The air in Los Angeles smells of marjuana. And of avocado.
One morning, while I was preparing breakfast in the hostel where I slept in Hollywood, one of the owners looked outside from the kitchen window and said, “It’s cold today.” There were 19 degrees outside. “I live near the Alps. It will start snowing in a few weeks,” I replied. “It must be amazing to feel something like that on your skin,” she told me, continuing to observe the road beyond the glass.
In Los Angeles, people often drag a suitcase or carry a bag. It is a transient place. Everybody comes from somewhere else. It’s a non-place where everyone just seems to pass. Some people come looking for a dream, others escape from too many nightmares. All that luggage appears to indicate that everyone is ready to make a break for this promised land – metaphorically, literally – should the need arise.
Along the Walk of Fame, I found myself walking near Spiderman, Superman, Marylin. “I’m a copycat,” Superman told me. I’m just the copy of somebody else, I’m an imitation. I don’t really exist.
I was thinking of the name of the city one morning as I was sitting by the Tar Pits (link). Sitting in that part of the city is already in itself impossible: the Tar Pits are ponds where water is not the liquid bubbling in front of you. It is asphalt that, for hundreds of thousands of years, goes through the earth and comes to gush on the surface. Anyway, I was saying – I thought of the name of this centre-less metropolis and I thought it sounded a bit like Lost Angels.
Los Angeles sky is loaded with helicopters and palm trees, and neon lights along the Sunset Bouvelard.

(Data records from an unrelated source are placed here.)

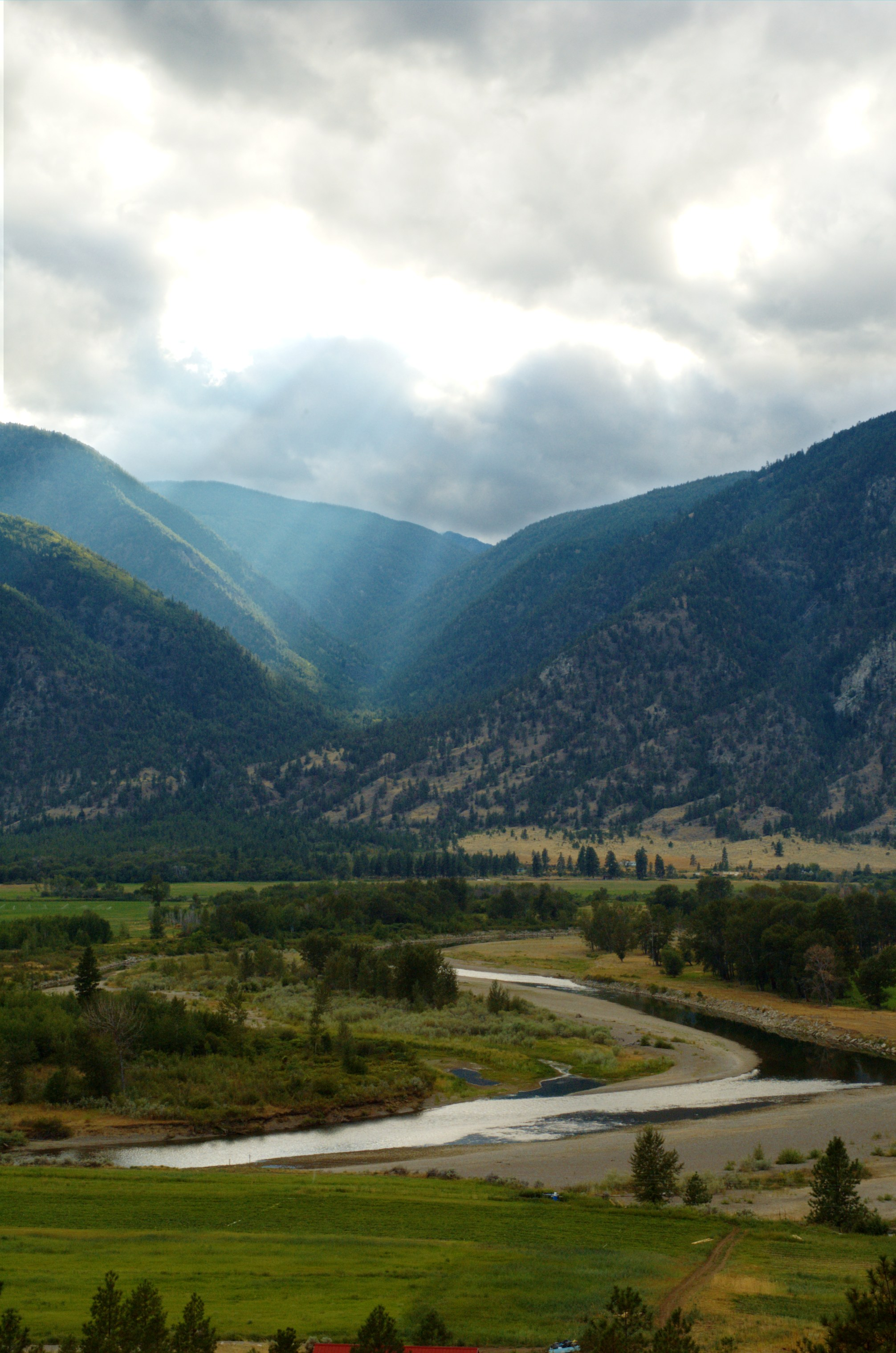 The Similkameen River near Keremeos, BC. Taken with a Nikon D70 camera, on August 17, 2005. See its Flickr page for more details. Author: doviende
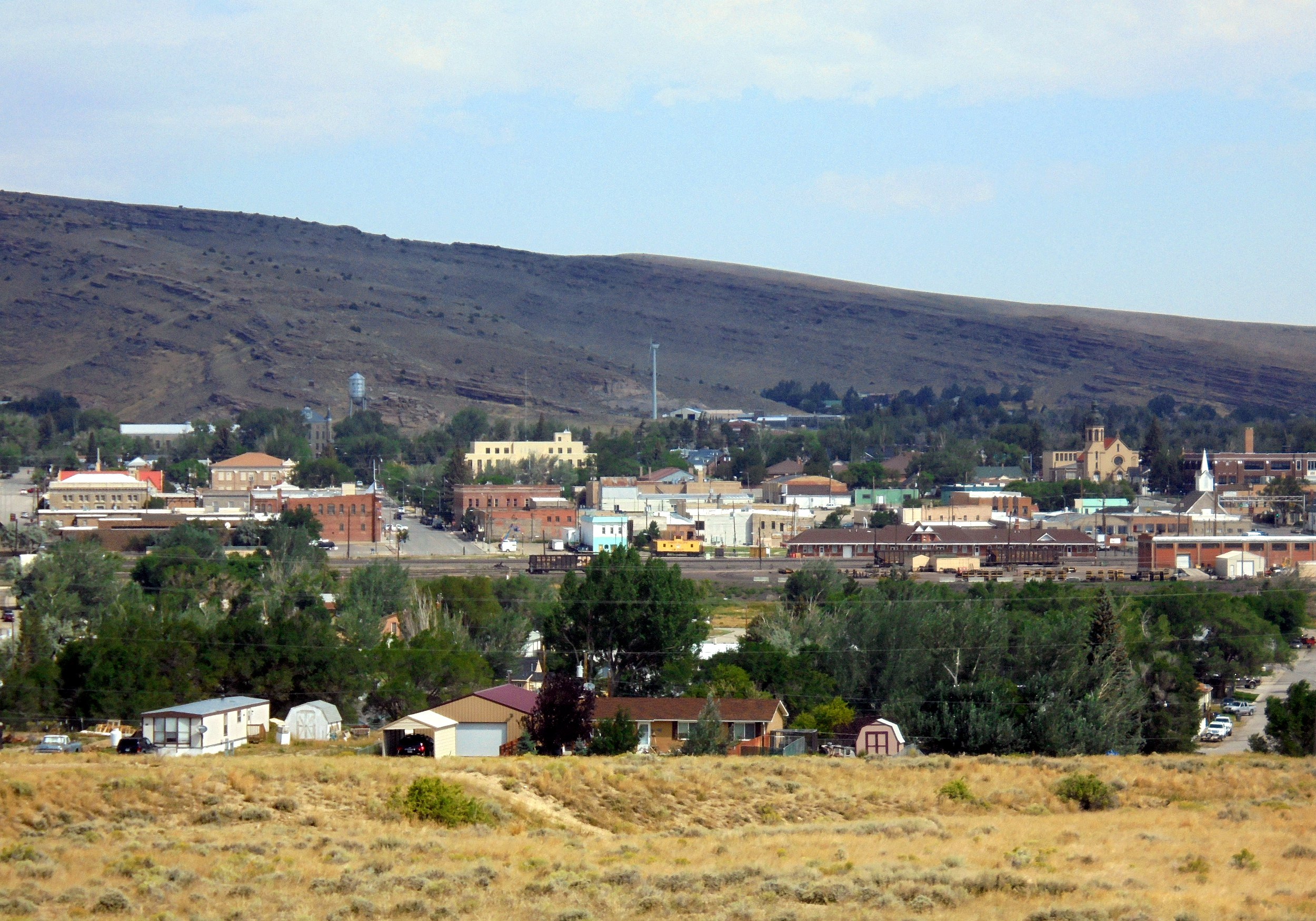 Downtown Rawlings, looking north from I-80
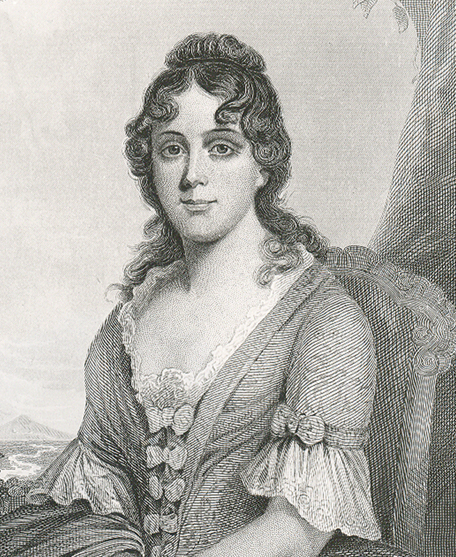 Martha Jefferson Randolph, daughter of Thomas Jefferson, informal First Lady, Smithsonian Institution
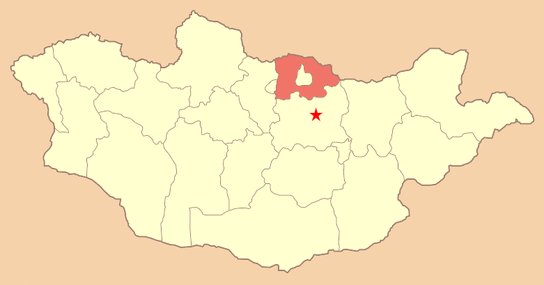 Map of Mongolia with Selenge Aimag highlighted.
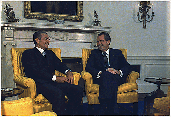 The Shah of Iran, Mohammad Reza Pahlavi, speaks with then-President Richard Nixon in the Oval Office, White House.
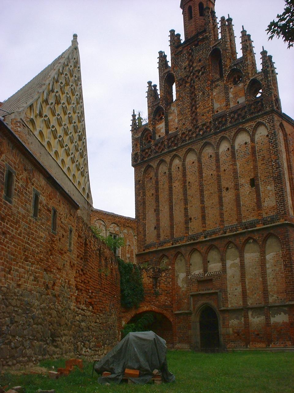 Gothic West-façade of the Cloister Church of St. Mary on right (cloister's south bldg.) — at the Kloster Marienstern (Marienstern Monastery). A 13th century German Brick Gothic complex, in Mühlberg on Elbe, Brandenburg, northeast Germany. With southern gable of the Abess' House on left (cloister courtyard's western building).
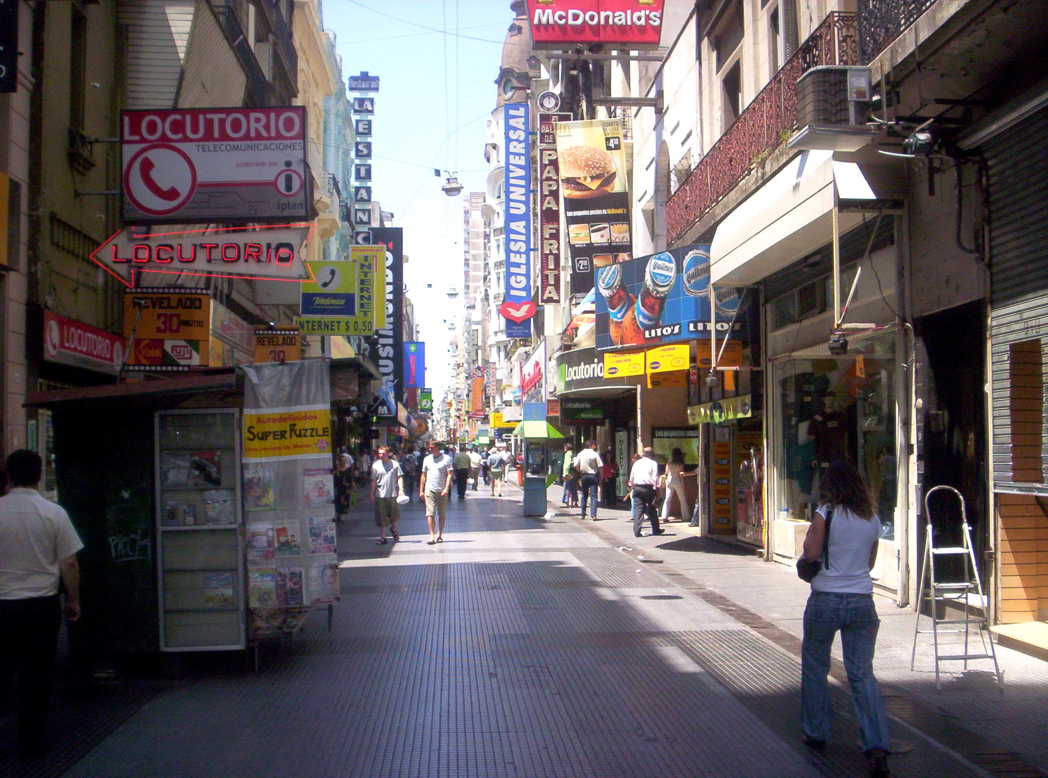 Pedestrian mall Lavalle, Buenos Aires
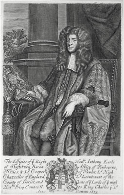 Anthony Ashley-Cooper, 1st Earl of Shaftesbury (1621-1693)
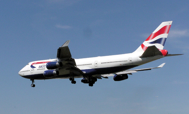 British Airways Boeing 747-400 (G-BNLV) landing at London (Heathrow) Airport.
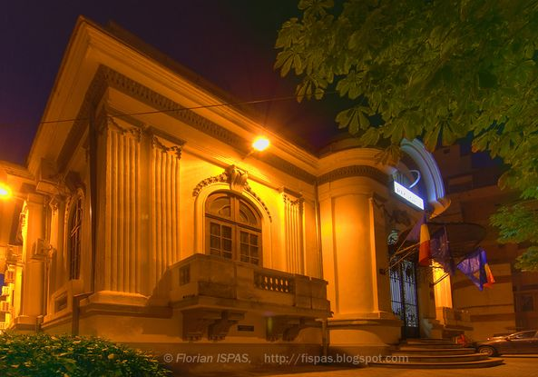 Rectoratul Universității Valahia din Târgoviște - Copyrigh Florian Ispas
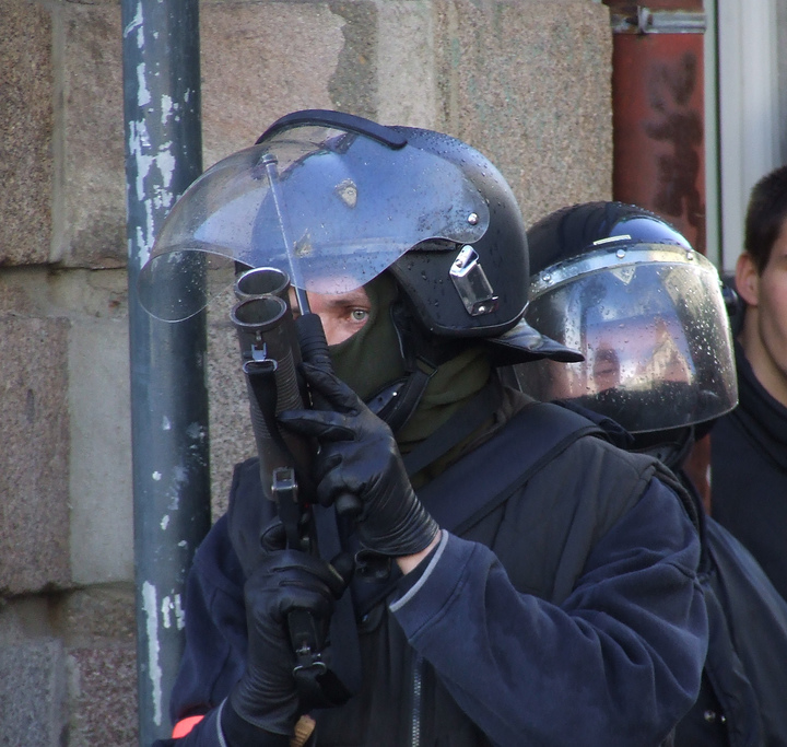 French policeman firing a flash-ball

From the Griffith observatory I saw one of the most colourful sunsets of my whole life. We laughed, me and the French guy I met while I was walking up there. “You know it’s the smog that creates these schizophrenic colours, don’t you” I told him. “Yeah, but every now and then it’s better to forget that often behind every wonderful picture there is a terrible story,” he replied.